Because we did not collect our data to assess time effects, we did not formally analyse them. However, we had an informal look at the publication dates by RoB score for blinding of the investigators and caretakers, and by RQ score for ethics evaluation (in box plots with dot overlay), showing more reported and fewer unclear scores in the more recent publications (data not shown). While we thus cannot rule out confounding of our results by publication date, the results are suggestive of mildly improved reporting of experimental details over time.

This study is a formal comparison of RoB and RQ scoring for two main study types (baseline comparisons and investigational treatment studies), for both animals and humans. Performing these comparisons within the context of a single SR [16] resulted in a small, but relatively homogeneous sample of primary studies about the nPD in relation to CF. On conferences and from colleagues in the animal SR field, we heard that reporting would be worse for animal than for human studies. Our comparisons allowed us to show that particularly for baseline comparisons of the nPD in CF versus control, this is not the case.

The analysed tools [12, 13, 15] were developed for experimental interventional studies. While some of the elements are less appropriate for other types of studies, such as animal model comparisons, our results show that many of the elements can be used and could still be useful, particularly if the reporting quality of the included studies would be better.

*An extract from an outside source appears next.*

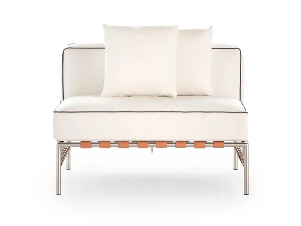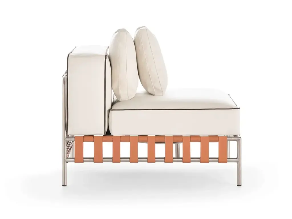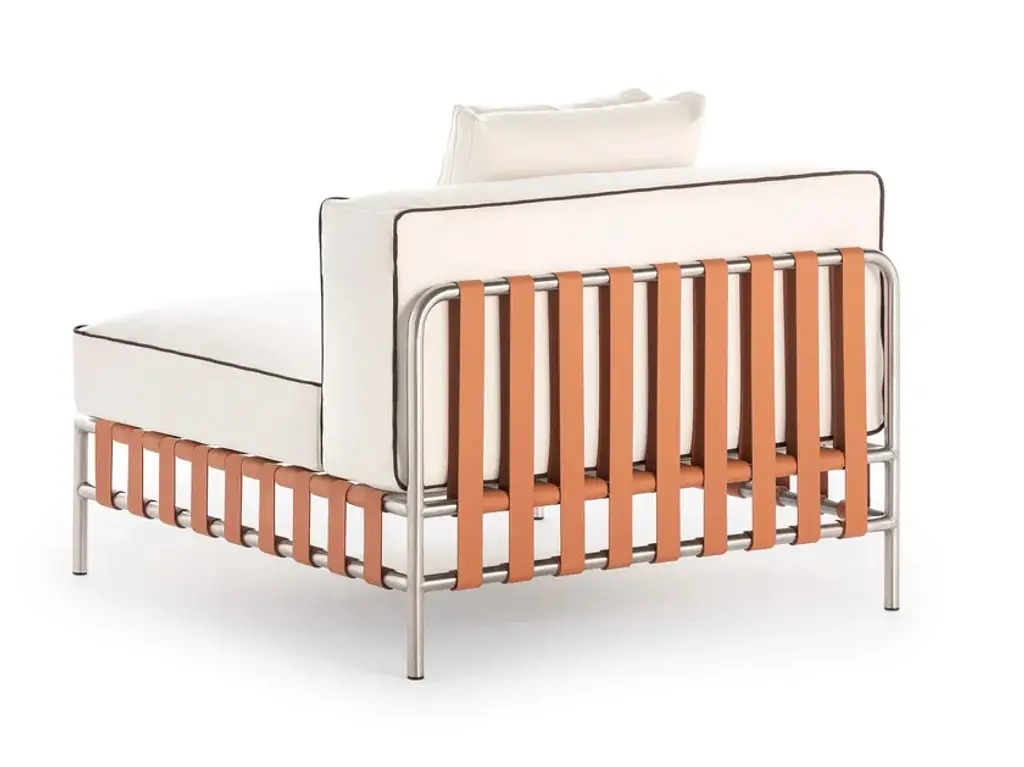 Francesco Meda and David Quincoces are teaming up with GANDIABLASCO to design a collection destined to become an icon of timeless design. Young talent, innovation and the brand’s extensive background bring us a classic from the future.ONSEN is a collection of outdoor furniture of peaceful beauty where the most linear and essential is charged with uniqueness in every gesture. A collection composed of dining club armchair, sofa, lounge chair, modular sofas and different low tables that masterfully combine such different materials as stainless steel, elastic straps, aluminium sheet and teak, to integrate them in perfect harmony.“I like to emphasize the particularities of the materials I use to put them at the service of both functionality and relaxed aesthetics. The key is always to make sure that the details are not just details”, argues Meda.With geometric, generous and simple lines that are devoid of all pretense, the pieces by ONSEN exude freshness and sophistication and stand out for their versatility, allowing the space to be modulated in combinations that sometimes give rise to splendid retreats for relaxation and on other occasions can become a little more formal and compact.One of the distinctive aspects of the collection is that the seats and backrests rest and are raised on a succession of leather straps interlaced and fixed to a stainless steel tubular structure. The graphic and aesthetic component finds here the same weight as the technical solution. “The idea was to generate a contrast between the fabric and the metal structure together with the geometry and transparency provided by the strips”, details Meda.This play between the lightness and warmth provided by the aluminium and the leather respectively becomes the identity of ONSEN conceived by the Milanese designer.

To correctly interpret the findings of a meta-analysis, awareness of the RoB in the included studies is more relevant than the RQ on its own. However, it is impossible to evaluate the RoB if the experimental details have not been reported, resulting in many unclear scores. With at least one unclear or high RoB score per included study, the overall conclusions of the review become inconclusive. For SRs of overall treatment effects that are performed to inform evidence-based treatment guidelines, RoB analyses remain crucial, even though the scores will often be unclear. Ideally, especially for SRs that will be used to plan future experiments/develop treatment guidelines, analyses should only include those studies consistently showing low risk of bias (i.e. low risk on all elements). However, in practice, consistently low RoB studies in our included literature samples (> 20 SRs to date) are too scarce for meaningful analyses. For other types of reviews, we think it is time to consider if complete RoB assessment is the most efficient use of limited resources. While these assessments regularly show problems in reporting, which may help to improve the quality of future primary studies, the unclear scores do not contribute much to understanding the effects observed in meta-analyses.

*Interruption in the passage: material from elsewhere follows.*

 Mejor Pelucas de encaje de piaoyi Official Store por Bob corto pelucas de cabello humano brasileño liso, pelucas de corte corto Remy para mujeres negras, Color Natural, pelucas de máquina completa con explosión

With PubMed already indexing nearly 300,000 mentioning the term “systematic review” in the title, abstract, or keywords, we can assume that many scientists are spending substantial amounts of time and resources on RoB and RQ assessments. Particularly for larger reviews, it could be worthwhile to restrict RoB assessment to either a random subset of the included publications or a subset of relatively informative elements. Even a combination of these two strategies may be sufficiently informative if the results of the review are not directly used to guide treatment decisions. The subset could give a reasonable indication of the overall level of evidence of the SR while saving resources. Different suggested procedures are provided in Table 5. The authors of this work would probably have changed to such a strategy during their early data extraction phase, if the funder would not have stipulated full RoB assessment in their funding conditions.

We previously created a brief and simple taxonomy of systematised review types [44], in which we advocate RoB assessments to be a mandatory part of any SR. We would still urge anyone calling their review “systematic” to stick to this definition and perform some kind of RoB and/or RQ assessment, but two independent scientists following a lengthy and complex tool for all included publications, resulting in 74.6% of the assessed elements not being reported, or 77.9% unclear RoB, can, in our opinion, in most cases be considered inefficient and unnecessary.